▸ EXERCISE DIRECTIONS
Return only the lines below starting at the line containing "Take out my" and ending at the line containing "Состав: воздушный букет", both included, exactly as they are and with no pictures.

▸ INFORMATION SUPPLIED
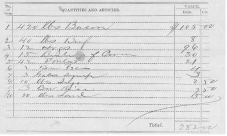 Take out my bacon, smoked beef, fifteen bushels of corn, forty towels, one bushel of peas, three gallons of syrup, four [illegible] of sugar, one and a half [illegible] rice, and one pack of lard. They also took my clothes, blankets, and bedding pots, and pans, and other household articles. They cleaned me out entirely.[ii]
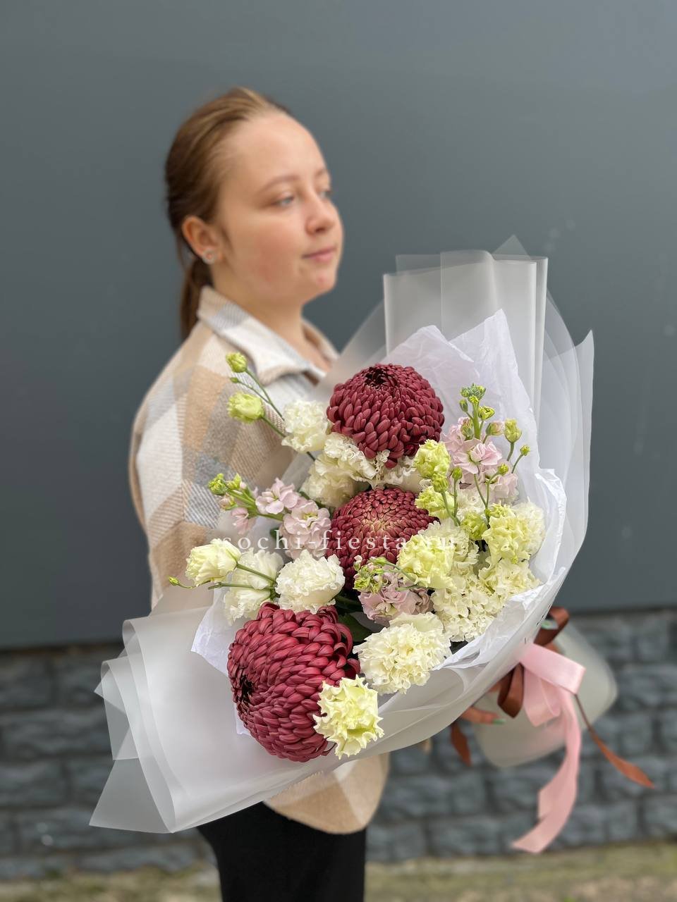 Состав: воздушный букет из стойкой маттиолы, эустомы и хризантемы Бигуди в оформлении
* * *
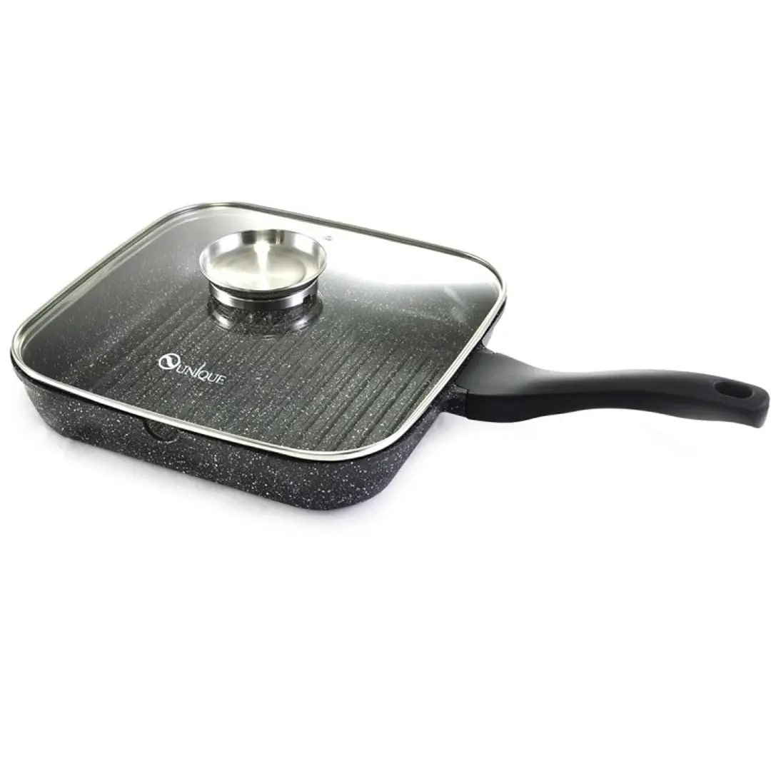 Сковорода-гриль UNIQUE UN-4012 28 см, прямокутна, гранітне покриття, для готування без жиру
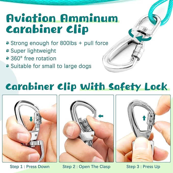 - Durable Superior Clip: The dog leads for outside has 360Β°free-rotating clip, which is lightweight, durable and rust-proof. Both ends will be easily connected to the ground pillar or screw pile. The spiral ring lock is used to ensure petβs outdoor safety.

▸ THE COMPLETED TASK
 Take out my bacon, smoked beef, fifteen bushels of corn, forty towels, one bushel of peas, three gallons of syrup, four [illegible] of sugar, one and a half [illegible] rice, and one pack of lard. They also took my clothes, blankets, and bedding pots, and pans, and other household articles. They cleaned me out entirely.[ii]
 Состав: воздушный букет из стойкой маттиолы, эустомы и хризантемы Бигуди в оформлении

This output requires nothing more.